Status Code 405 Returned

Hello all,

I am trying to post to a tulip table from a separate windows app I am writing. My get requests are returning correctly, but when I try to use post or put requests I am receiving a 405 error code, which typically means that the server knows the request, but the target resource doesn’t support this method. I am able to successfully post to my tables from Postman using the same authentication info, but not from my app.

Has anyone encountered this before? Any tips for moving forward?

Thanks!

Hi @kcolwell, thanks for the question. One follow-up: does this request work when you test it in the connector function editor? This will help me understand if it’s a connector configuration issue or something on the app end.

Hi John,

Looks like my request is working in the connection function editor.

Thanks!

Kate

Are you using any inputs in the URL path? My first guess is that your input on the app end could be breaking the URL, but I could be wrong there.

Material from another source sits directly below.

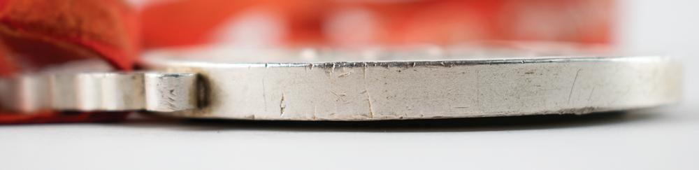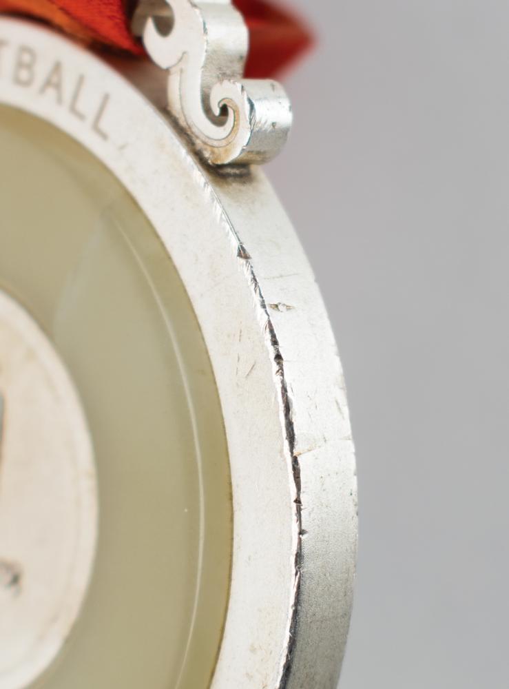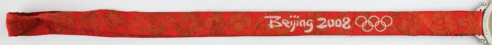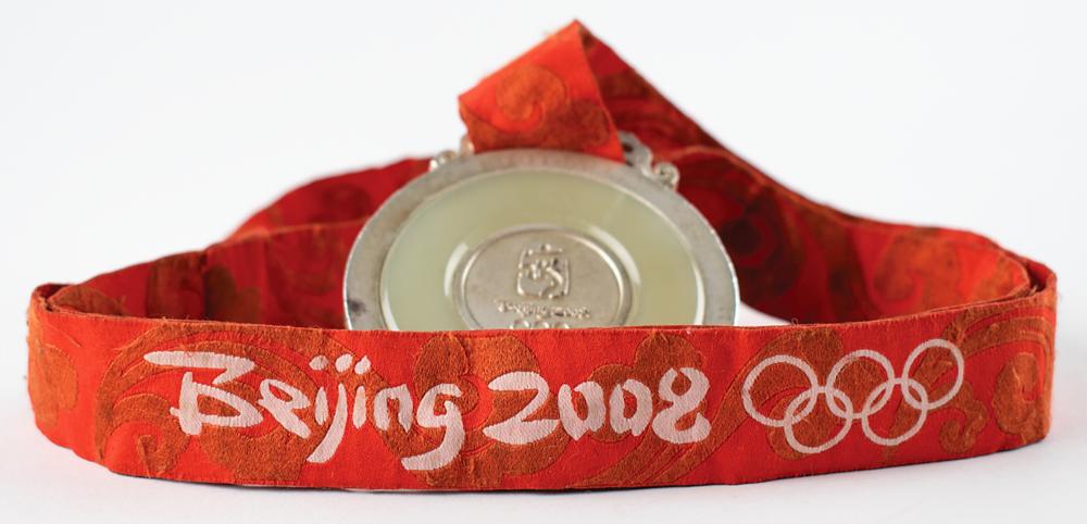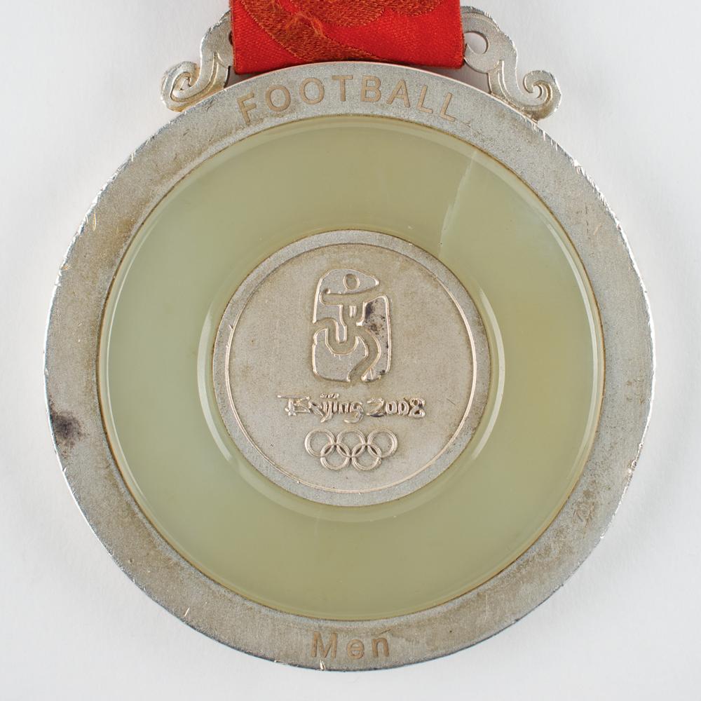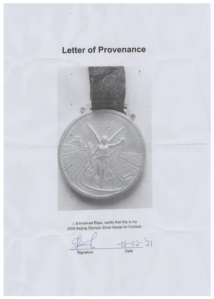 Winner’s medal awarded to Nigerian footballer Emmanuel Ekpo at the Beijing 2008 Summer Olympics. Silver with inlaid jade, 70 mm, 186 gm, by Medal Design Group, China Central Academy of Fine Arts, Elena Votsi. Created from ancient Chinese jade patterns, the medal consists of silver and jade, which symbolize nobility and virtue. Jade has been regarded as a virtue since ancient times, and the embodiment of Chinese traditional values of ethics and honor. The front depicts the standing goddess of Victory against panoramic imagery of the Panathinaikos Arena, with text above reading: “XXIX Olympiad Beijing 2008”; and the reverse features the Beijing Games emblem surrounded by inlaid jade and the outer circle engraved with the sport, “Football, Men.” The design inspiration of the medal hook derives from jade ‘huang,’ a ceremonial jade piece decorated with a double dragon pattern and ‘Pu,’ the reed mat pattern. The medal bears some instances of scuffing, discoloration, and some scattered abrasions to rim and edge. Includes the original well-worn red-and-orange ribbon. Accompanied by a signed letter of provenance from Ekpo.

@kcolwell, would you feel comfortable sharing a screenshot of your connector function with any identifying information scrubbed in the connector editor, or sharing a screenshot of your triggers? You can also DM a screenshot to me if you’re more comfortable with that.

Hi John,

I don’t mind sharing my connector, but I’m not really using it in my app. I probably could have made this more clear. My app is written outside of Tulip, it’s a separate c++ program, but I am trying to save information that it gathers to our Tulip tables. I’m wondering if there are any gotchas I should keep in mind while doing this.

Let me know if sharing my connector would still be helpful. Thanks!

Hey @kcolwell ,

I know Tulip Tables are super rigid when it comes to type validation, and they don’t always error cleanly in these cases. Are you able to confirm that whatever method you’re using in your app isn’t, for example, stringifying everything? I’ve had the Tables API throw 405 errors before when my datetimes are malformed, for example.
If everything’s working in Postman and Connectors, I would suspect that perhaps your app method is applying some secondary operation here.
Additionally, there should be an allow header in the server response; do you see this?

Hi @k.ober,

I’ve been suspecting there is something wrong with my request body, I’ll double check all the types. I’ll also take a look for that allow header, not sure I’m seeing that.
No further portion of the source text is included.